Other projects include but are not limited to advanced AI for large-scale in-flight messaging analyses, and algorithms to inform global air refueling missions. They’re all unfolding via a well-established partnership that the command has dubbed the MIT Lincoln Lab Living Plan. 

Officials briefed DefenseScoop on this collaborative initiative during an exclusive tour of the command’s headquarters at Scott Air Force Base, Illinois, this week. They also shared new details about an upcoming exercise that aims to optimize data transmission across a broad spectrum of operations.

MASCOT

Launched by the command in 2011, the lab’s “living” plan was conceptualized to be more dynamic than typical static business initiatives — and to enable the two partners to adapt as technologies, circumstances and demands change over time.

“Back then, and even to an extent now, Transcom has had some of the same challenges — stovepiped systems and data, and getting it all together. So, the idea was for Lincoln to help us assess data architectures and to build flexible and robust planning tools, and analytics that would tie planning and analysis together, and propose cross-cutting solutions to that,” DeLapp explained. 

“And what’s happened over time is there have been projects where Lincoln has worked with our air component, Air Mobility Command, on predictive maintenance. They’ve worked with our J6 [command, control, communications and computer systems directorate] in the cyber area. They’ve worked with the J2 [intelligence directorate] in characterizing foreign influence using open-source information,” he said.

Lab officials don’t build and maintain the widgets or systems, but instead prototype technologies and then hand things off to the command or a vendor to fully produce and deploy them. 

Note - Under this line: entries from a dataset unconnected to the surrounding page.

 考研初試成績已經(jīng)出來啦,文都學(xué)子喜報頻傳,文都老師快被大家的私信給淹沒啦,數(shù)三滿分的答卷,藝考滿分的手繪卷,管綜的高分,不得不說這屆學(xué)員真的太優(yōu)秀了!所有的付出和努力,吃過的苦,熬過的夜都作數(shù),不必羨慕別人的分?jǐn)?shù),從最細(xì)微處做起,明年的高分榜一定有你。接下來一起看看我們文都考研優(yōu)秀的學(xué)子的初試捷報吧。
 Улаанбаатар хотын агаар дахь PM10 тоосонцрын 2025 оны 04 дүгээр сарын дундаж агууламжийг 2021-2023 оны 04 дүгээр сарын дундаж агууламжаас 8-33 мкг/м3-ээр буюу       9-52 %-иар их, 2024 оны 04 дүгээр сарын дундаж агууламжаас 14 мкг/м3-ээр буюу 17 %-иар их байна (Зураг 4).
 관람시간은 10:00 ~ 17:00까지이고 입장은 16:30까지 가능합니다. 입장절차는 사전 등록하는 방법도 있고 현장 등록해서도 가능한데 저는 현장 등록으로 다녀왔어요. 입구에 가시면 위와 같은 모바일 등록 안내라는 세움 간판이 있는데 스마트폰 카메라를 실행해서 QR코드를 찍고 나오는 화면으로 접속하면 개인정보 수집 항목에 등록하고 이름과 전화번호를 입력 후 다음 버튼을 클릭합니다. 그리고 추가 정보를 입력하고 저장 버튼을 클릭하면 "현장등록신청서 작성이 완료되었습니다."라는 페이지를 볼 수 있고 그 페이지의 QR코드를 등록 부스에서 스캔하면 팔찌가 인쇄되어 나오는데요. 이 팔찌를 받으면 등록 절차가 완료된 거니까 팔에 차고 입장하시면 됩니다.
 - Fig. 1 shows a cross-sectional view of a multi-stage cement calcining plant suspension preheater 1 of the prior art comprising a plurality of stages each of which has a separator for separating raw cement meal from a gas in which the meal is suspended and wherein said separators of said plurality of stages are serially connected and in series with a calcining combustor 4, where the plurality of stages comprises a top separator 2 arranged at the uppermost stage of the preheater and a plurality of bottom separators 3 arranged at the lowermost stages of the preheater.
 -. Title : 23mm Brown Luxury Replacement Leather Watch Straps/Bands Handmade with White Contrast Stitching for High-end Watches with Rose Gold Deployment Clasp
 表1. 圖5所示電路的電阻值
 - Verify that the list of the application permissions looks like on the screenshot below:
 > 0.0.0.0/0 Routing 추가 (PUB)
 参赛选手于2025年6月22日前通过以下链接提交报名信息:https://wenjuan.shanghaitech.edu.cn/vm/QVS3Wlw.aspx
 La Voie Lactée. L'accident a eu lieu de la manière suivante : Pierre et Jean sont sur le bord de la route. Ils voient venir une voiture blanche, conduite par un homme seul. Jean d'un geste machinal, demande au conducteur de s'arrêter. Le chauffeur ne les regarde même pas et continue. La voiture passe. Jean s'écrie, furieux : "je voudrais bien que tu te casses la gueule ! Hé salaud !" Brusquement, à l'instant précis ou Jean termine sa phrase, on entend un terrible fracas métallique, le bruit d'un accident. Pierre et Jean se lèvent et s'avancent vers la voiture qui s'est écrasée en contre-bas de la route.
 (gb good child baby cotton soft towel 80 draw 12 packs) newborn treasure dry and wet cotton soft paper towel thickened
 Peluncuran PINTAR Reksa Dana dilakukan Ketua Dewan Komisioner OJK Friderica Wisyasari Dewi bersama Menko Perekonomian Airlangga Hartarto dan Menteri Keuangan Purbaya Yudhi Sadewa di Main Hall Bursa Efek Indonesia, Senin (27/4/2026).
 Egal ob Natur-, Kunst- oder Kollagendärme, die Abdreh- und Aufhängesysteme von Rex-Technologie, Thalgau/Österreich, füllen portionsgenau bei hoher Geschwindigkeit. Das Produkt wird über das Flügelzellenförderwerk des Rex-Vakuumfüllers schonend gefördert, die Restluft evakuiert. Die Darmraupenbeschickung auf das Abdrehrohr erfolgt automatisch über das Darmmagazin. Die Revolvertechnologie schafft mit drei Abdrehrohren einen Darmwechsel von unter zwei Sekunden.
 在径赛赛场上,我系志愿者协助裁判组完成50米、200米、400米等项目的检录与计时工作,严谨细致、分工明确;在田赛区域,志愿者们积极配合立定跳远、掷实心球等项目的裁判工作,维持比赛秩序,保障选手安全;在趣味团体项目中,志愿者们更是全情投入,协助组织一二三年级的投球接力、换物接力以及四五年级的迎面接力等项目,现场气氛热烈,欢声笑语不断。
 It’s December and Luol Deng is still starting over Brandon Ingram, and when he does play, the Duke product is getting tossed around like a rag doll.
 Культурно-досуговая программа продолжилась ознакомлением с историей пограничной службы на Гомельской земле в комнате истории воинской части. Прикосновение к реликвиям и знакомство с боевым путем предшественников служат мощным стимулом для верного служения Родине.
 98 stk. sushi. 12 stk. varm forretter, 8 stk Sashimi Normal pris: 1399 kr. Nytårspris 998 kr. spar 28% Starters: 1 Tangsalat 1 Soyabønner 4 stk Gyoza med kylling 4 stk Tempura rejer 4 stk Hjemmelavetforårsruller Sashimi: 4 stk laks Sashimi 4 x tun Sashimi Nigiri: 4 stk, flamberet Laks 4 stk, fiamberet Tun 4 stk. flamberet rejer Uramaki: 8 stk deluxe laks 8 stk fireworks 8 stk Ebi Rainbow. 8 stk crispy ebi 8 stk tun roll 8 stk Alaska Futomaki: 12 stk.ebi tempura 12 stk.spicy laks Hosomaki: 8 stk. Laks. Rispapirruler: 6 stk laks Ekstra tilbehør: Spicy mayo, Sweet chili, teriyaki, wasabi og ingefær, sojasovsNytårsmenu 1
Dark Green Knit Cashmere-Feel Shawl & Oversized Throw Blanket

“For example, in the air refueling area, our analysis models — with contested environments and all the new challenges — these models are being asked to do more. The model run times are getting slower. It’s getting harder to do them. So, we’ve brought Lincoln Labs on to go research and develop newer algorithmic approaches to speed up techniques and to speed up those algorithms. And then that will get handed off to the contractor that builds and updates it, and then they’ll take that and then incorporate it into the model,” DeLapp said.

In fiscal 2020, the command asked MIT researchers to conduct a comprehensive assessment to gauge which of its directorates were the most and least ready candidates to adopt AI and machine learning in tailor-made use cases.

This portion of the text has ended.